NIC not working: PCIe link lost, device now detached

richi44

New Member
Sep 25, 2024
1
0
1
Hi.

I am using Proxmox VE on two identical machines HP Z2 G9 with added HP 2.5GbE LAN Flex Port. First machine runs without any problems but the sedond one has problem with added pcie nic card HP 2.5GbE LAN Flex Port. NIC is in Linux bridge vmbr1 briging physical port enp1s0 and VLAN aware enabled. This setup works great on the first machine.

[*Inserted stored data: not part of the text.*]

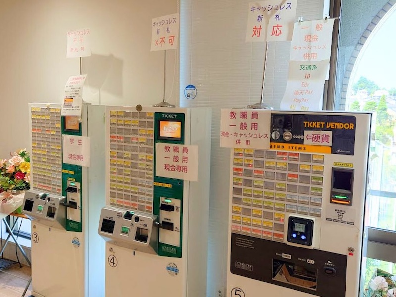 券売機は学生用と一般用があり、キャッシュレス決済などにも対応しています
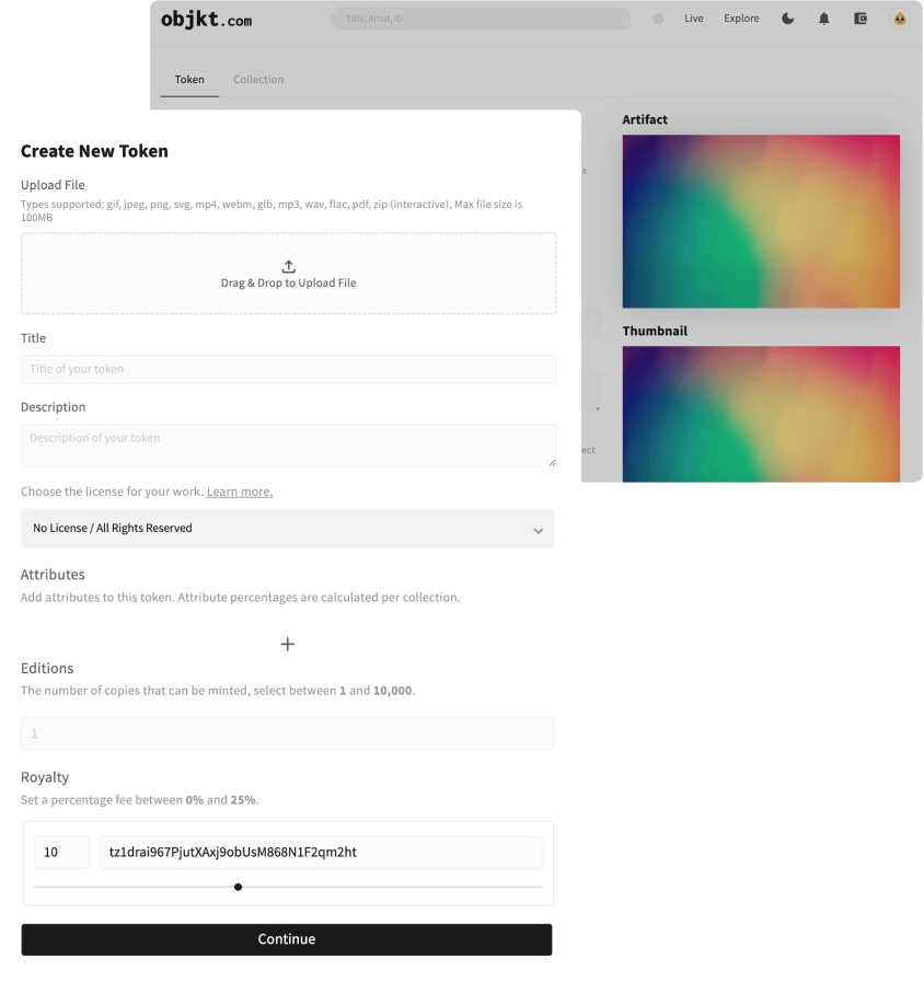 In the legacy art world, until a book is published or a canvas is signed, it’s not really complete. After double checking the details of the file you’ve uploaded, your title, description, licensing & royalties you’d like to receive... you can sign your work by clicking ‘mint’! This action submits a signal to the blockchain to mint your digital work and to list it on the Objkt.com marketplace. It can take a few minutes, but your creator journey starts when you click ‘mint’.
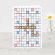 Cartão de aniversário de 84 anos para alguém que adora jogar jogos de palavras. As cartas explicam 'Feliz 84º aniversário para você'. A imagem de fundo é um conselho de jogo de palavras.
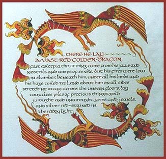 Red Dragons by Catherine Whiteman (Tiggy) Gouache, sumi, gold leaf on watercolour paper Original size 500mm x 500mm Tiggy has her own website and can be contacted by email next Dragons' Cave Cecilia's Home Page
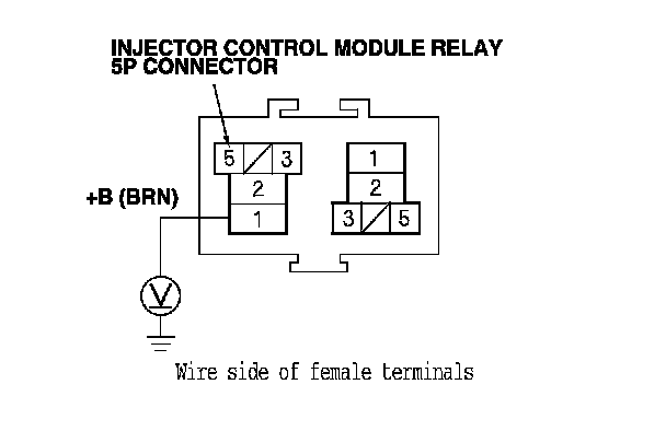 15. Measure the voltage between injector control module relay 5P connector terminal No. 2 and body ground.
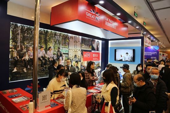 2月17日,参观者在第23届中国国际教育展英国展区咨询。
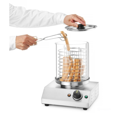 Calentador de salchichas profesional con recipiente de vidrio templado y carcasa de acero inoxidable. Ideal para hostelería, permite calentar y exhibir salchichas al mismo tiempo. Cesta con divisor para dos tipos de salchichas. Termostato ajustable de 30 °C a 100 °C.
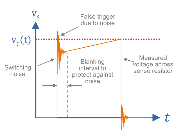 Because the switching action causes noise, and the current-measuring voltage signal is usually low (because low-valued resistors () are used to keep power dissipation down), current mode control has a high susceptibility to noise and voltage transients3 4. The switching action can cause ringing in the voltage measurement of the current at the point of turn on. This ringing can cause the measured signal to go over the control threshold and prematurely turn the switch OFF, as shown in the below diagram:
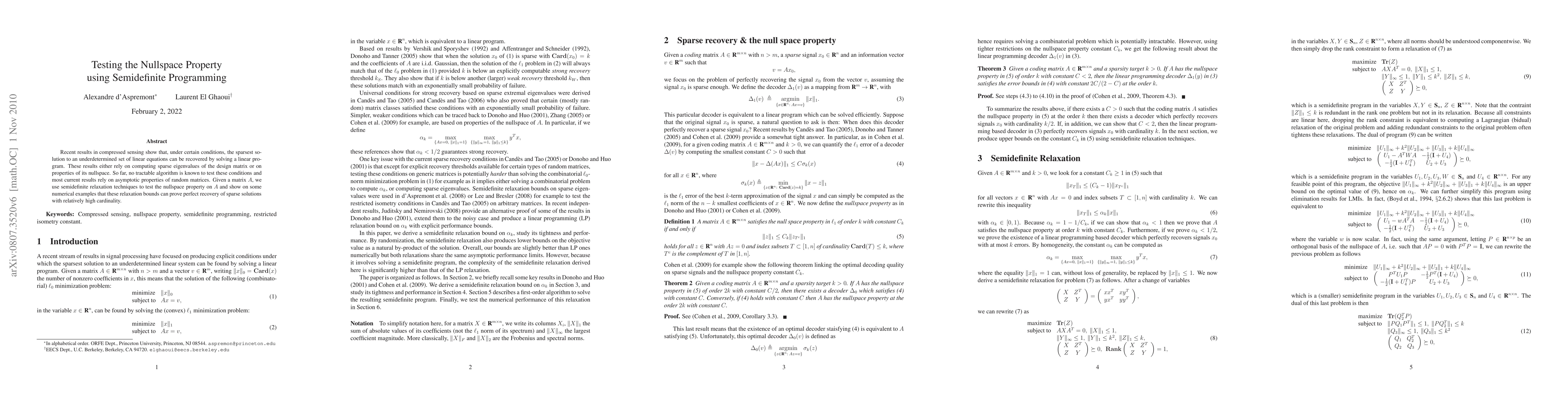 Recent results in compressed sensing show that, under certain conditions, the sparsest solution to an underdetermined set of linear equations can be recovered by solving a linear program. These results either rely on computing sparse eigenvalues of the design matrix or on properties of its nullspace. So far, no tractable algorithm is known to test these conditions and most current results rely on asymptotic properties of random matrices. Given a matrix A, we use semidefinite relaxation techniques to test the nullspace property on A and show on some numerical examples that these relaxation bounds can prove perfect recovery of sparse solutions with relatively high cardinality.
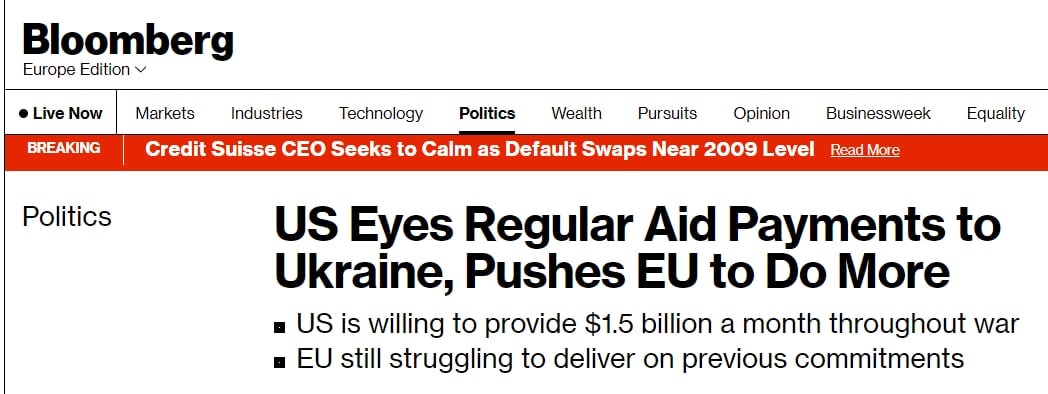 20:39 США готовы предоставлять Украине ежемесячную финансовую помощь в размере $1,5 млрд на протяжении всей войны, сообщает Bloomberg.

I do not know if the problem is related to hw or is it sw isssue?

network setup

Code:
cat /etc/network/interfaces
# network interface settings; autogenerated
# Please do NOT modify this file directly, unless you know what
# you're doing.
#
# If you want to manage parts of the network configuration manually,
# please utilize the 'source' or 'source-directory' directives to do
# so.
# PVE will preserve these directives, but will NOT read its network
# configuration from sourced files, so do not attempt to move any of
# the PVE managed interfaces into external files!

auto lo
iface lo inet loopback

iface eno1 inet manual

iface enp1s0 inet manual

auto vmbr0
iface vmbr0 inet static
    address 10.20.30.17/24
    gateway 10.20.30.1
    bridge-ports eno1
    bridge-stp off
    bridge-fd 0
#1GB management

auto vmbr1
iface vmbr1 inet manual
    bridge-ports enp1s0
    bridge-stp off
    bridge-fd 0
    bridge-vlan-aware yes
    bridge-vids 2-4094
#2.5GB trunk

logs showing time when pcie link was lost

Code:
journalctl -o short-precise -all | grep "PCIe link lost"
Sep 14 10:01:06.900018 pve07 kernel: igc 0000:02:00.0 enp2s0: PCIe link lost, device now detached
Sep 16 07:16:35.148158 pve07 kernel: igc 0000:01:00.0 enp1s0: PCIe link lost, device now detached
Sep 23 02:03:54.181872 pve07 kernel: igc 0000:01:00.0 enp1s0: PCIe link lost, device now detached
Sep 30 02:30:06.133725 pve07 kernel: igc 0000:01:00.0 enp1s0: PCIe link lost, device now detached
Oct 05 14:04:58.167852 pve07 kernel: igc 0000:01:00.0 enp1s0: PCIe link lost, device now detached
Oct 09 05:34:55.515763 pve07 kernel: igc 0000:01:00.0 enp1s0: PCIe link lost, device now detached

ip a before and after restart

Code:
2: enp1s0: <BROADCAST,MULTICAST,UP> mtu 1500 qdisc mq master vmbr1 state UP group default qlen 1000
    link/ether 30:13:8b:84:ca:f1 brd ff:ff:ff:ff:ff:ff

2: enp1s0: <BROADCAST,MULTICAST,UP,LOWER_UP> mtu 1500 qdisc mq master vmbr1 state UP group default qlen 1000
    link/ether 30:13:8b:84:ca:f1 brd ff:ff:ff:ff:ff:ff



There is also restart problem, it has to be done physically because restarting over management nic will cause management NIC is not accessible over SSH, but ping is working. Probably reboot will not occur at all with command (need to connect display to servver).
 
There have been other issues reported with this driver (just search the web for "PCIe link lost, device now detached".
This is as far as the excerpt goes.